Use wire nuts? There are only 5 wires. The black wire connector overheated, is discolored and melted into the plastic body of the plug.
I was able to extract all 5 wires from the plug.ends
I may have to lengthen the wires of I do that, but IMO, its a failure point..
 

SamR

Joined Mar 19, 2019
5,040
I would stick with 30 and use a common US brand. Since you also have a 30A in the Panel? you might consider a fuse block with slow blow fuses. If you are using the genset as an installed item I would also eliminate the quick connects and hard wire all.
 

Thread Starter

sdowney717

Joined Jul 18, 2012
711
I would stick with 30 and use a common US brand. Since you also have a 30A in the Panel? you might consider a fuse block with slow blow fuses. If you are using the genset as an installed item I would also eliminate the quick connects and hard wire all.
I bought the Amazon Blue Sea 30 amp breaker, they make good stuff.
The breaker in the gen was made by Carling, it failed because of a poor push on wire connection causing it to overheat, not a great design. Everything with high current loads ought to be secured with a screw.
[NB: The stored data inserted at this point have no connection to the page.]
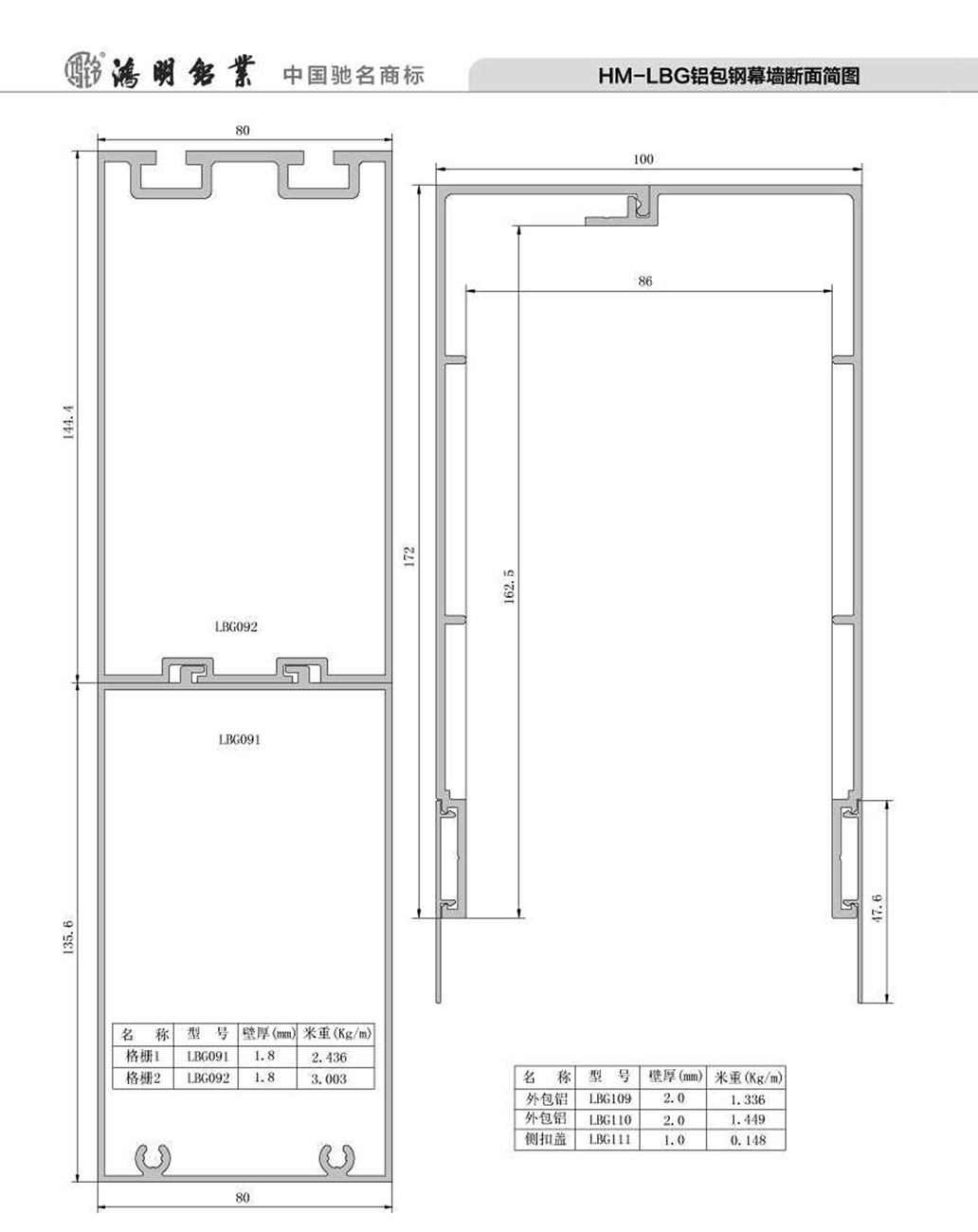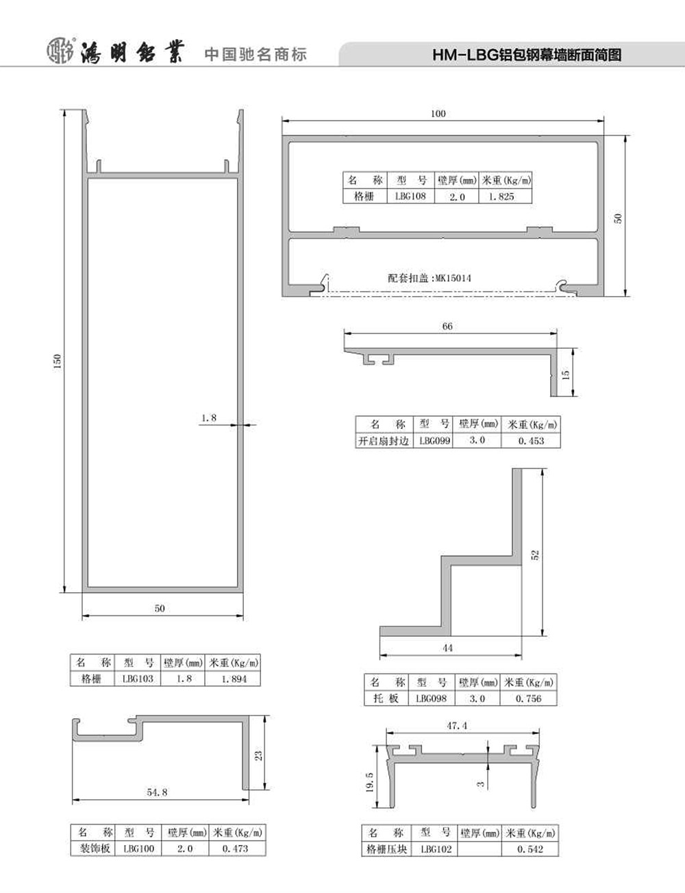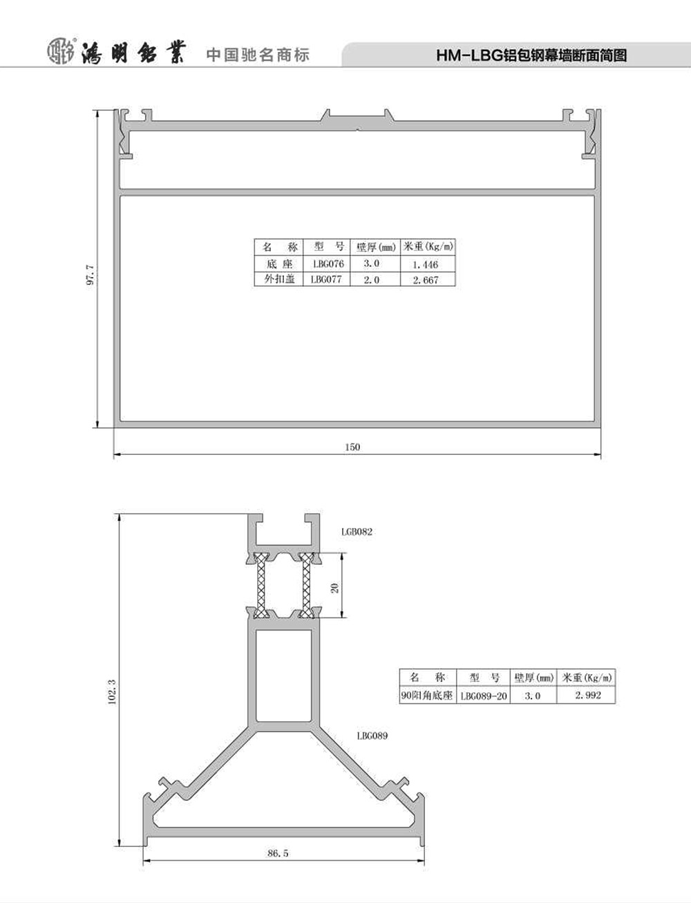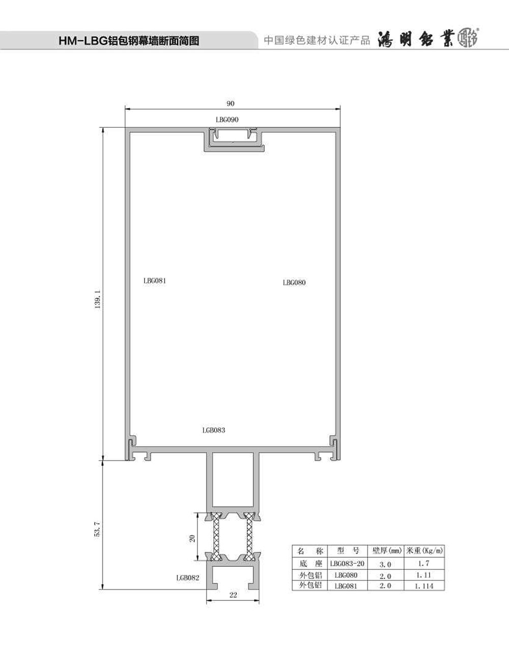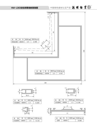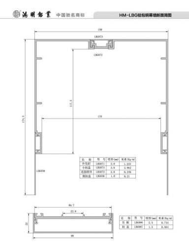 HM-LBG鋁包鋼幕墻斷面簡圖
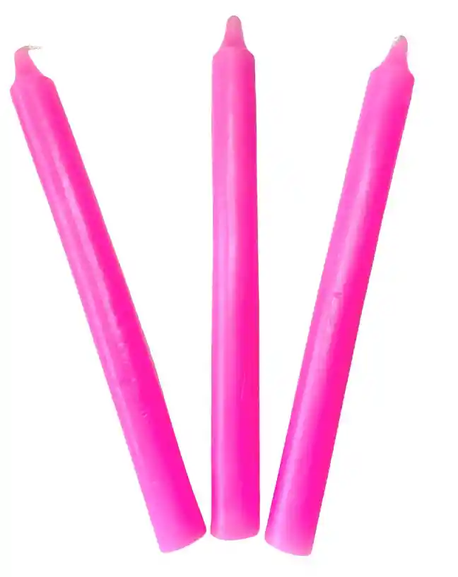 Pack de 3 velas rosadas para cromoterapia. El rosado es el color del amor romántico y del compromiso. Utiliza velas rosas para potenciar tu relación de pareja, o quién sabe…encontrar el amor. Una combinación infalible en el amor es la de rojo, rosa y blanco. Es el color de la energía femenina y del corazón. Usa velas rosas si quieres que tu velada sea sensual y llena de dulzura.
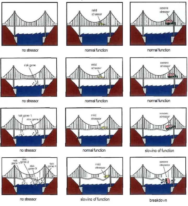 一些早期的蛋白质聚集可能在青春期前就导致了突触模式的异常,在后续的过程中,遗传因素继续导致突触维持障碍,多个遗传因素的叠加与环境因素共同加速了突触的瓦解与神经元凋亡。
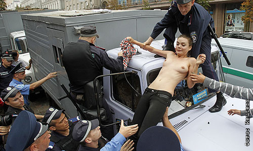 Представители женского движения FEMEN провели акцию в поддержку оппозиции неподалеку от здания Печерского райсуда Киева, где проходит суд над экс-премьером Юлией Тимошенко

I snapped off the goofy pins on the ends of the wires leaving a crimped base. I found some big red wire nuts that can hold the wire ends together. Will be much more secure connection. It needs to be separable, the plugs from the gen end, otherwise much harder to work on.. There is enough slack to put it together.
 

Reloadron

Joined Jan 15, 2015
7,517
An 8 KW 240 volt system is about a 33 amp system so I would just stay with the 30 amp breaker. On the bright side you have the problem nailed. More times than I can remember I have seen melted connectors. It starts slow and just snowballs as things heat up. During heavy rains I can't afford to lose power because I rely on a sump pump. I even have a backup generator to my backup generator. After 10 years of service my 13 KW unit finally failed so I just replaced it with a 16 KW unit which can easily even handle the AC (Air Conditioning).

I would look to replace the connector as best you can and try to avoid spade lug connections as best you can.

Ron
 
Totally agree with Ron. The fast-ons are a very weak link. See https://www.te.com/commerce/Documen...ERMINALS_-_FULL_CATALOG&DocType=CS&DocLang=EN

The Fast-ons are also not created equal. I'd stick with 30A as well. 240 * 30 is 7200. Breaker should handle the 8000 VA peak.
Changing to a new style breaker makes sense.
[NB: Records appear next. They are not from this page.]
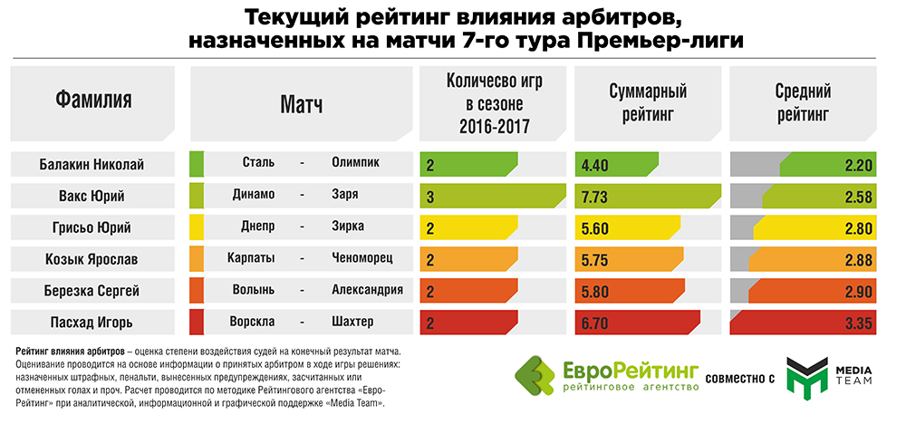 Рейтинг рассчитываются по результатам каждого тура чемпионата Украины. Расчет проводиться по методике Рейтингового агентства Евро-Рейтинг при аналитической, информационной и графической поддержке Media Team.
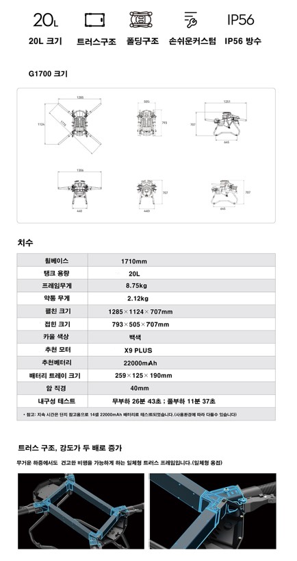 농업용 드론 EFT사 G1700 드론을 소개합니다.
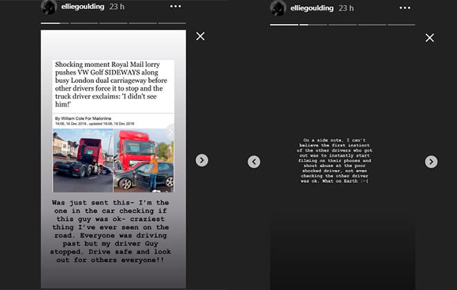 De acordo com o portal The Sun, um Golf VW preto e um caminhão vermelho do Royal Mail colidiram em uma estrada na região noroeste de Londres. A artista esteve presente no local no momento do acidente e imediatamente saiu do carro em que estava e correu para ajudar o motorista. A situação foi gravada e divulgada por uma pessoa que reconheceu Ellie.
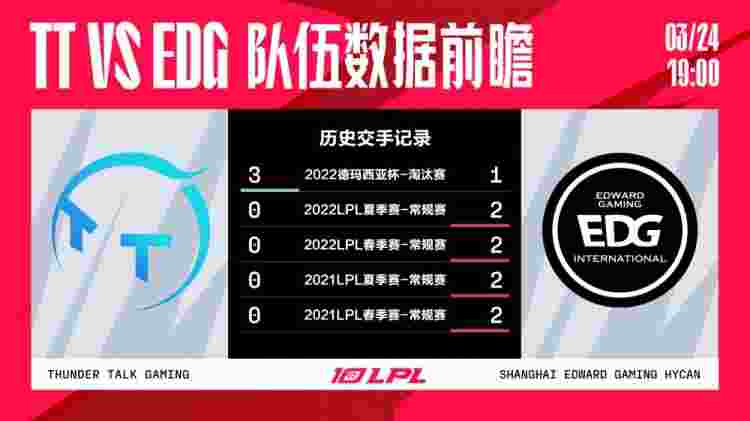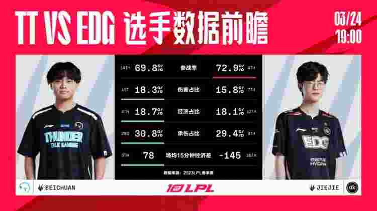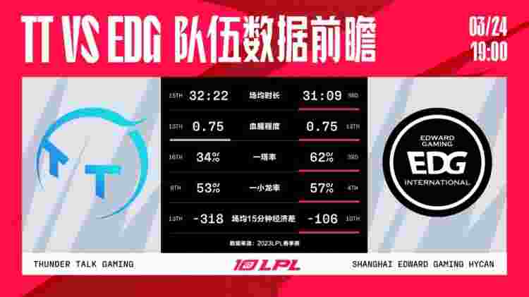 北京时间3月24日,2023LPL春季赛即将上演TT与EDG的比赛,两队都已经进入季后赛,但EDG对复活甲势在必得,让我们一起砍下LPL官方给的赛前数据。

MAKE sure the AC comes on later. e.g. make certain that anti-short-cycle is working.

I'm not very fond of the wiring. Particularly the use of Fast-ons. I don't know exactly how I might clean it up.
Looks like a 30 A breaker feeding two 20 A outlets. Your not using those anyway. Separate breakers for the 120 outlets would not hurt.
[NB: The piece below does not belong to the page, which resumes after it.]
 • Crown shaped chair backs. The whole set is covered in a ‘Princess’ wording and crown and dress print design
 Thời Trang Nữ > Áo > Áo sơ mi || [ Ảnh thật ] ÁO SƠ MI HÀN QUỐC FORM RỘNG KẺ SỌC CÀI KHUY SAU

Home-run wiring would help. e.g. Euro terminals in a NEMA box. Since this doesn't look like it's enclosed, don't forget to have drip-loops.
 

Thread Starter

sdowney717

Joined Jul 18, 2012
711
its got two 20 amp push on breakers, one for each outlet. I almost never use the 120 vac outlets.
It is enclosed, it has a back cover, I did not take a picture. The entire box has a sheathed bundle of 7 wires coming out, that joins to the wire bundle coming from the generator. IT used that big black plastic plug which failed, joining bundle to bundle. It also failed due to high heat from poor high resistance connectors. It took some effort getting it apart.

I am planning on just joining wire to wire with big red wire nuts.
I am leaving the crimped ends on the wires, so they are more like pins.
can also wrap it with tape.
 

Reloadron

Joined Jan 15, 2015
7,517
That should work. That's what I do sometimes if the wire nuts are in a harsh environment. I tape them just to give a little more protection from the elements.

Ron
 

Lo_volt

Joined Apr 3, 2014
317
I'm not sure the average Fast-on is rated for 30 amps. Definitely a weak link.

While you're into it, look to see if it has brushes. A coworker of mine related a story about a Troy-bilt genset he had that failed because the springs to push the brushes were not properly installed. They worked fine initially, but with a little bit of wear, they started to lose contact. As I said, if you've got the unit open already, you might as well check them.

I believe MTD bought Troy-bilt about 20 years ago. The quality has not been the same.